LIONS GATE ENTERTAINMENT CORP.
RECONCILIATION OF EBITDA, AS DEFINED TO NET INCOME (LOSS)
Three Three
Months Months Six Months Six Months
Ended Ended Ended Ended
September September September September
30, 30, 30, 30,
2008 2007 2008 2007
(Amounts in thousands)
EBITDA, as defined $(39,150) $(56,155) $(25,982) $(106,812)
Depreciation (1,180) (1,038) (2,242) (1,946)
Interest expense (5,190) (4,225) (9,501) (8,085)
Interest and other income 2,047 2,635 4,202 6,438
Gain on sale of equity
securities - 2,785 - 2,785
Equity interests loss (1,960) (1,187) (4,146) (1,994)
Income tax provision (2,662) (818) (3,331) (1,507)
Net loss $(48,095) $(58,003) $(41,000) $(111,121)
EBITDA is defined as earnings before interest, income tax provision,
depreciation and equity interests losses.

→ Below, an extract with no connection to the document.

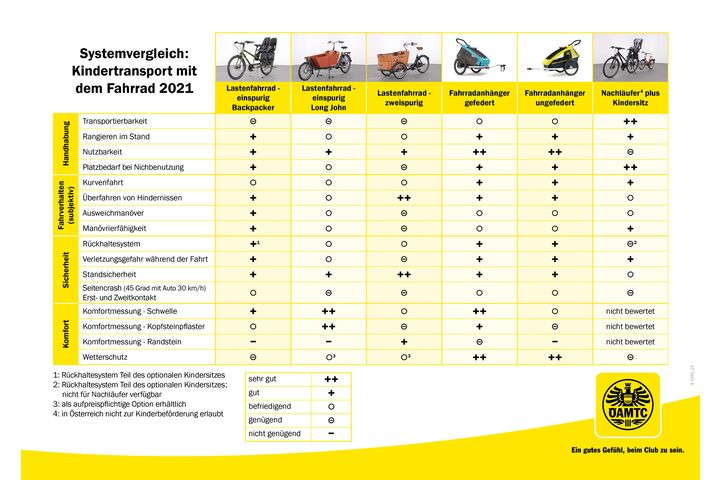 ÖAMTC-Techniker Steffan Kerbl fasst zusammen: "Das eine, herausragende System, das in allen Anwendungsfällen vollkommen überzeugen kann, gibt es nicht. Entsprechend wichtig ist es, dass man sich bereits vor einem Kauf gut überlegt, wofür und wie oft man es nutzen will." Beispielsweise macht es einen großen Unterschied, ob man neben Kindern auch ab und an seinen Einkauf transportieren will, ob das Rad mit in den Urlaub soll – oder wie viel man überhaupt dafür ausgeben möchte (die Spanne reicht auch ohne E-Antrieb von 250 bis 2.200 Euro). Untersucht wurden Handhabung, Fahrverhalten und Komfort. Und auch die Sicherheit wurde überprüft, unter anderem mit einem Crashtest (Seitenaufprall durch ein 30 km/h schnelles Auto). Letzterer Test zeigte vor allem eines: Das Tragen eines Helms wird sowohl für die Eltern als auch für die Kinder dringend empfohlen – das zeigen auch alle Analysen der ÖAMTC-Unfallforschung.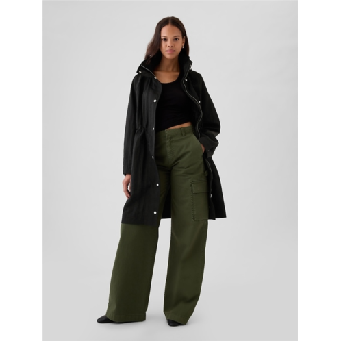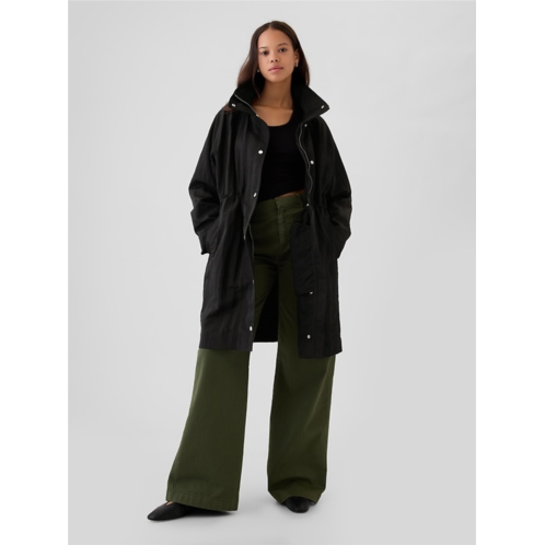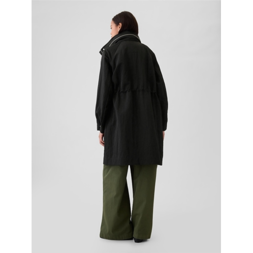 - Mockneck or hooded. Hood rolls into zipper at neck.

EBITDA as defined, is a non-GAAP
financial measure. Management believes EBITDA as defined, to be a meaningful
indicator of our performance that provides useful information to investors
regarding our financial condition and results of operations. Presentation of
EBITDA as defined, is a non-GAAP financial measure commonly used in the
entertainment industry and by financial analysts and others who follow the
industry to measure operating performance. While management considers EBITDA
as defined, to be an important measure of comparative operating performance,
it should be considered in addition to, but not as a substitute for, net
income and other measures of financial performance reported in accordance with
Generally Accepted Accounting Principles. EBITDA as defined, does not reflect
cash available to fund cash requirements. Not all companies calculate EBITDA
as defined, in the same manner and the measure as presented may not be
comparable to similarly-titled measures presented by other companies.